Chris Peal

No. 12 – Syracuse Orange
- Position: Cornerback
- Class: Redshirt Junior

Personal information
- Born: March 27, 2005 (age 21)
- Listed height: 6 ft 1 in (1.85 m)
- Listed weight: 200 lb (91 kg)

Career information
- High school: Providence Day School (Charlotte, North Carolina)
- College: Georgia (2023–2024); Syracue (2025–present);
- Stats at ESPN

= Chris Peal =

American football player (born 2005)

Christopher Jenkins Jardru Peal (born March 27, 2005) is an American college football cornerback for the Syracuse Orange.
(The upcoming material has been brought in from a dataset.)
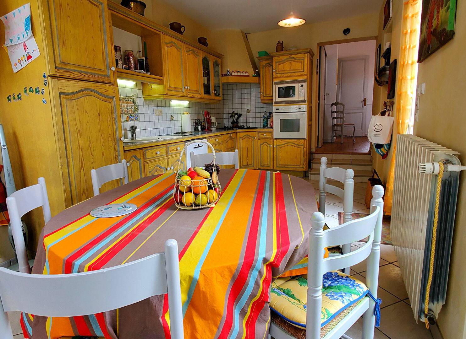 Hall d'entrée desservant un double salon-séjour traversant donnant sur belle terrasse exposée en Est, (3 marches) Grande cuisine semi-ouverte aménagée et équipée avec également accès à la terrasse.
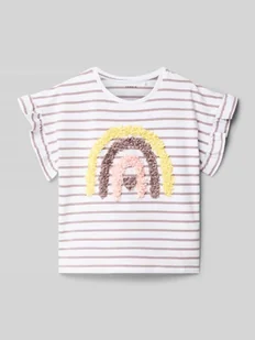 T-shirt dziecięcy Name It;Mieszanka bawełny i elastanu;Krój regular fit;Model ‘JADEY’;Volants;Okrągły dekolt;Długość tyłu w rozmiarze 116: 40 cm

He previously played for the Georgia Bulldogs.

==Early life==
Peal attended Providence Day School in Charlotte, North Carolina. During his high school career he had 123 tackles and three interceptions on defense and rushed 246 times for 1,919 yards and caught 48 passes for 556 yards with 36 total touchdowns on offense. He committed to University of Georgia to play college football.

==College career==
Peal played in five games at Georgia in 2023 and 2024. After the 2024 season, he entered the transfer portal and transferred to Syracuse University. In his first year at Syracuse in 2025, he started all 12 games and recorded 43 tackles. Peal returned to Syracuse for the 2026 season.